LINCOLN, Neb. (AP) — Nebraska Gov. Pete Ricketts said Monday he'll look for ways to restrict state spending in next year's session in response to a projected tax revenue shortfall.

Ricketts pledged to work with lawmakers on budget "modifications" that would bring state spending into line with money that's available, but offered few specifics.

"Certainly I'm willing to discuss different ideas about how we do that," Ricketts said at a news conference on an unrelated topic.

He wouldn't rule out tapping the state's $369 million cash reserve, commonly known as the rainy day fund. The reserve had been on pace to reach a record-high $729 million in June 2016, but has since shrunk to $369 million as lawmakers used the money to pay for earlier shortfalls and state projects.

Nebraska is on track to face another shortfall in next year's session after the state economic forecasting board lowered its revenue estimates by $217 million for the current two-year budget cycle. The board will update its estimates again in February, in the middle of the 2018 session, but for now lawmakers face the prospect of another tight budget year.

On Friday, Ricketts announced that he has ordered state agencies to continue several cost-cutting measures that were put in place last year. The changes include a hiring freeze, a ban on non-essential travel, restrictions on equipment purchases and a reduction in money available for grants. Agencies were also warned to prepare for budget cuts and told they will see a 1 percent reduction in funding during the third and fourth quarters of the current fiscal year.

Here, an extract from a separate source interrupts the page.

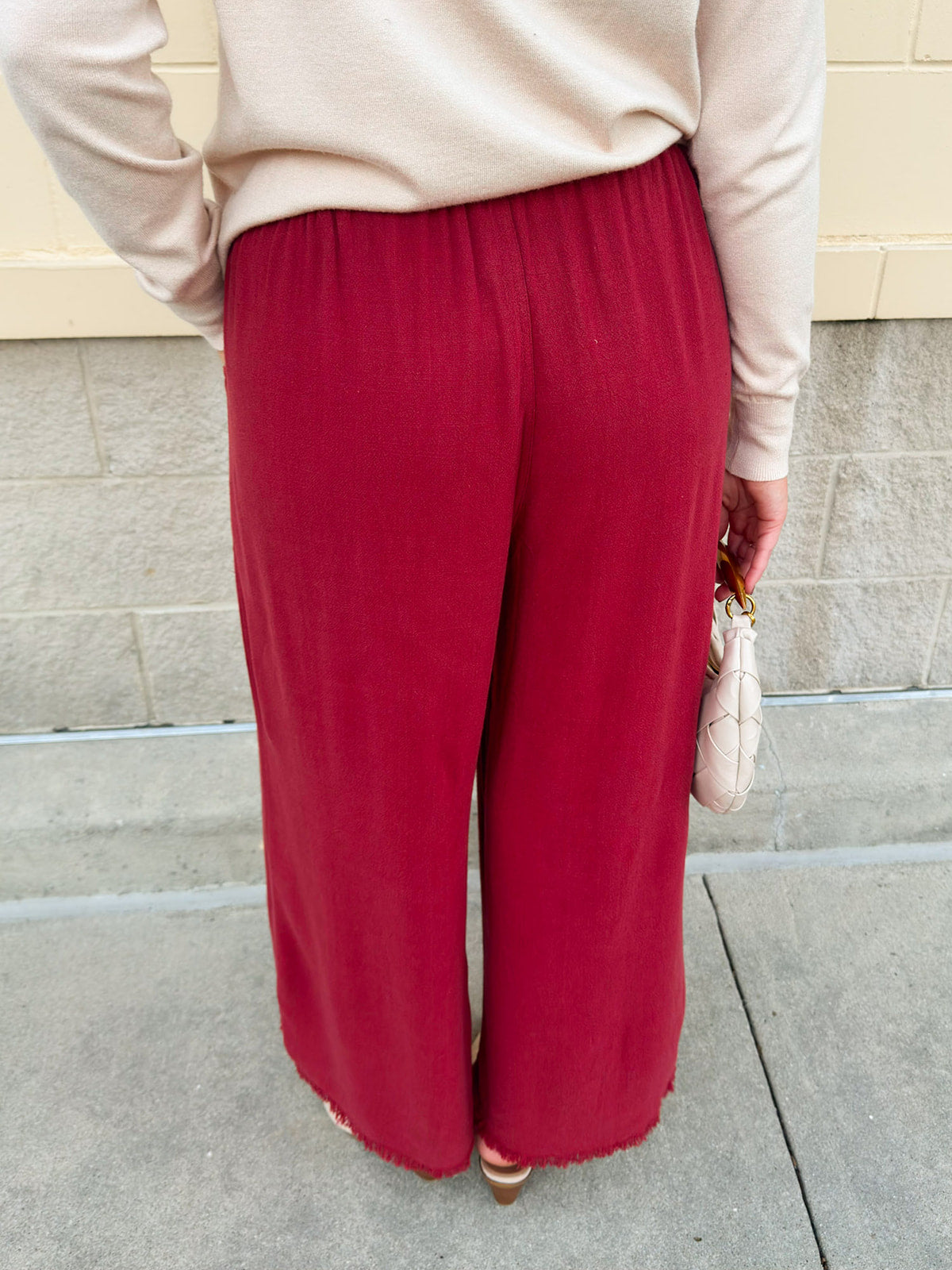 Searching for that perfect balance of comfort and chic? The Fresh Breeze Frayed Wide Leg Linen Pants in Rust bring effortless polish to your fall wardrobe. Crafted from a soft, breathable linen blend, these pants feature a relaxed wide-leg silhouette and cropped length for that easy, free-flowing feel you’ll love. The warm rust hue adds a cozy autumn touch that pairs beautifully with everything from crisp whites to creamy neutrals. Frayed hems lend a casual edge, while the adjustable drawstring waistband keeps the fit perfectly customized and comfortable.

Ricketts echoed sentiments that the lingering revenue downturn is driven at least in part by a struggling agricultural economy and its ripple effect on other industries, such as manufacturing and retail.

At least two members of the budget-writing Appropriations Committee, Sens. Kate Bolz of Lincoln and John Stinner of Gering, have said they're open to drawing money from the cash reserve to cover at least part of the expected shortfall.

Bolz said last week she plans to convene a group of economic and fiscal experts to dig deeper into why the state has struggled with revenue shortfalls over the last few years. Although state economists argue that the farm economy is main driver, some advocacy groups have blamed a series of income tax cuts passed over the last decade.